The first of many public appearances for the singers came in April 1997, which was followed by a guest appearance at the Tall Ships concert at Pendennis Castle in July and the Cornish Gorsedd in September of 1998. Brief television appearances, the release of their first CD/cassette tape, Our Beautiful Land, followed by their second CD, Men of Cornwall, in 2000, and local radio exposure, have kept Cape Singers in the public eye.

"Much of our success is due to the efforts of singer songwriter Harry Glasson who continues to write many of our most popular songs about Cornwall, our people and our traditions," said a spokesman.
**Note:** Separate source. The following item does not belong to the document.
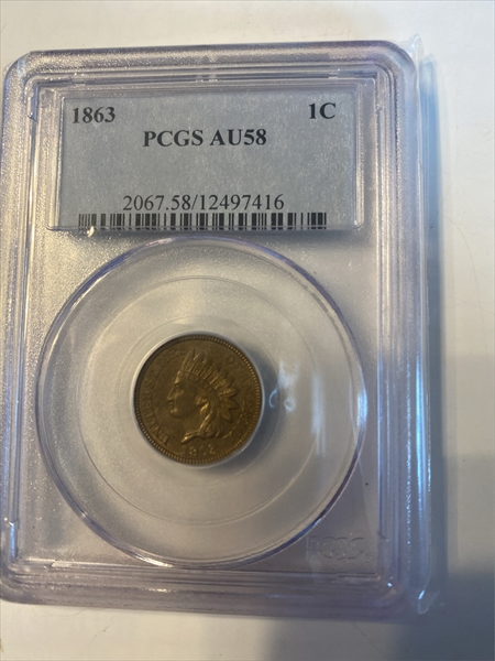 1863 1C AU58 Certification #12497416, PCGS #2067

The Singers have been on many tours and in 2001 they sang at the Kernewek Lowender, the world's largest Cornish festival in Australia.

Two years later they released their third CD, Along the Shore, and that autumn they travelled to Brittany to sample some French culture. In 2014 they were invited to Allihies in the southwest of Ireland where they represented Cornwall and Cornish mining at an Ireland-wide tourism initiative called The Gathering. Baldrick’s Plan are a male trio who specialise in strong harmony singing, largely unaccompanied but, where appropriate, supplemented with guitars, mandola, fiddle and cittern. The trio have thrilled audiences throughout Cornwall and beyond, at clubs and festivals such as Perranporth Shout, St Ives September Festival, Mousehole Sea, Salt and Sails Festival and Newlyn Fish Festival.

Based in Newlyn, their repertoire includes a fine range of fishing songs, along with a good peppering of maritime and naval songs, and the odd shanty. Their combination of stunning harmonies, exciting arrangements and relaxed good humour makes them a delight for listeners wherever they perform.

The Falmouth International Sea Shanty Festival will see up to 60 groups perform at venues across the town from June 17 to 19, with all the money raised going to the RNLI.